Take the listing below and write it out again exactly, skipping any picture that it holds.

## INPUT DATA:

================================

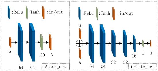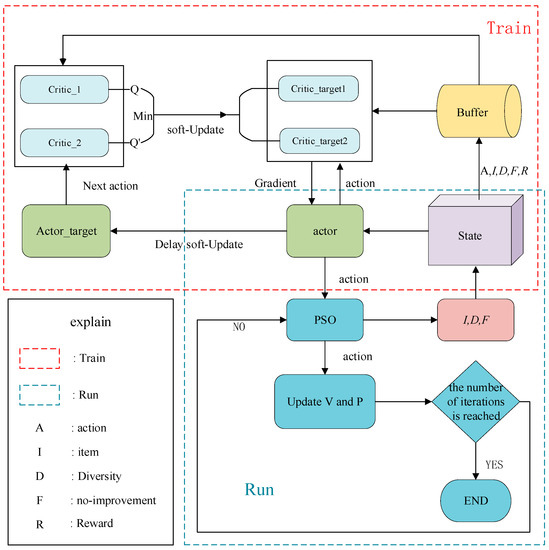 Figure 4 below shows the algorithm flowchart made for this study by the TD3 algorithm update process and PSO algorithm update method mentioned before. The training flowchart is shown in the red dotted box; the specific process and the above TD3 algorithm process are similar. The specific flow of the TD3PSO algorithm is explained as shown in Algorithm 3. The TD3PSO algorithm running flow sketch is in the blue dotted box, as seen in the image. The state, action, and reward [13] settings for the particle swarm algorithm employed in this study are displayed below:
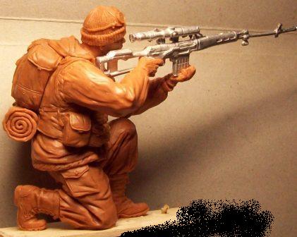 90мм-снайпер-чечня.Материал для лепки использую следующий.Смешиваю питерскую пластику-чешскую керам глину и премо приблизительно в одинаковых количествах.без добавления нашей пластики материал начинает напоминать полиэтилен.
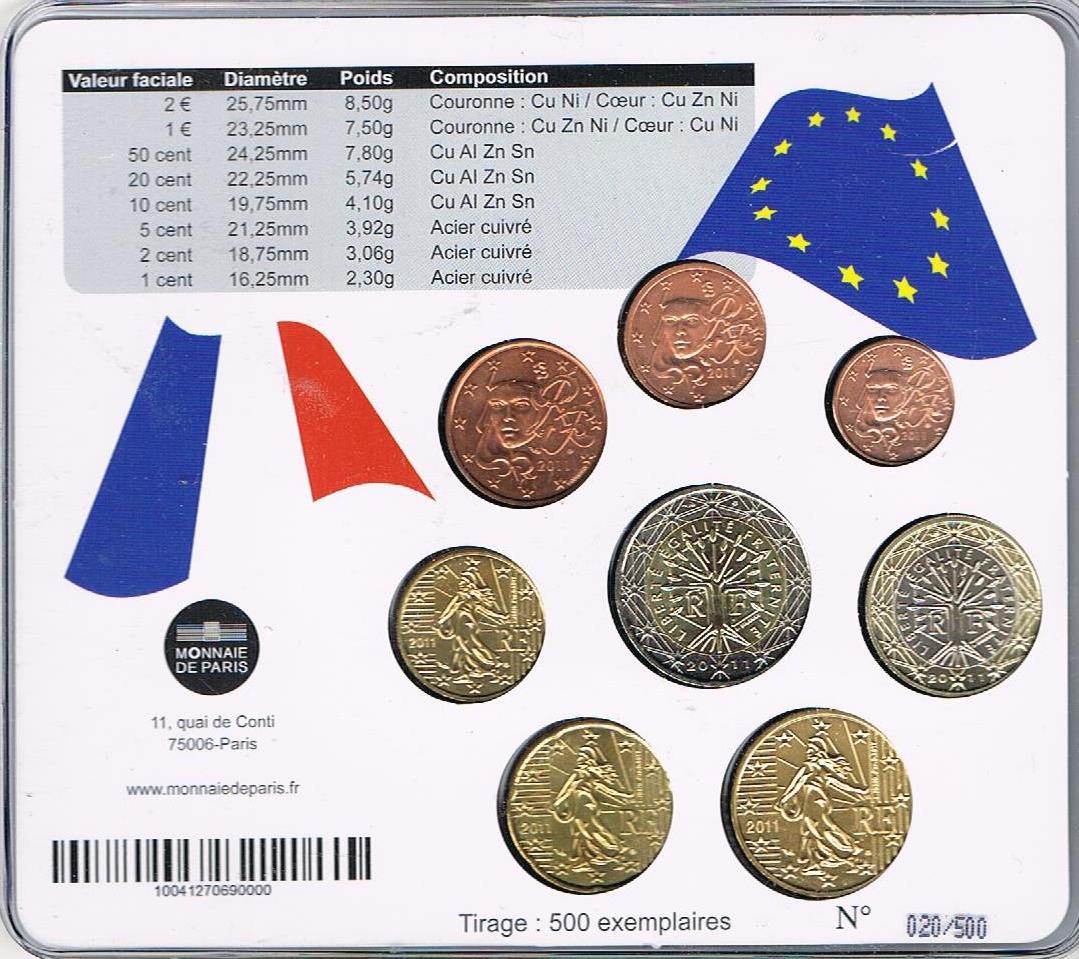 Auflage: 500 | enthält den kompletten Euro Münzen Satz 1 Cent - 2 Euro von Frankreich 2011
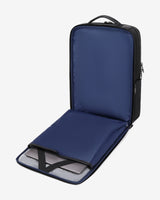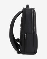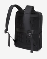 This backpack features a design that embodies a masculine and dynamic spirit. The neutral black tone, paired with sharply defined details, creates a strong and streamlined overall look. A sturdy exterior, metal zippers, and a built-in side connectivity port contribute to its modern, functional appeal.

================================

## EXERCISE RESPONSE:
 Figure 4 below shows the algorithm flowchart made for this study by the TD3 algorithm update process and PSO algorithm update method mentioned before. The training flowchart is shown in the red dotted box; the specific process and the above TD3 algorithm process are similar. The specific flow of the TD3PSO algorithm is explained as shown in Algorithm 3. The TD3PSO algorithm running flow sketch is in the blue dotted box, as seen in the image. The state, action, and reward [13] settings for the particle swarm algorithm employed in this study are displayed below:
 90мм-снайпер-чечня.Материал для лепки использую следующий.Смешиваю питерскую пластику-чешскую керам глину и премо приблизительно в одинаковых количествах.без добавления нашей пластики материал начинает напоминать полиэтилен.
 Auflage: 500 | enthält den kompletten Euro Münzen Satz 1 Cent - 2 Euro von Frankreich 2011
 This backpack features a design that embodies a masculine and dynamic spirit. The neutral black tone, paired with sharply defined details, creates a strong and streamlined overall look. A sturdy exterior, metal zippers, and a built-in side connectivity port contribute to its modern, functional appeal.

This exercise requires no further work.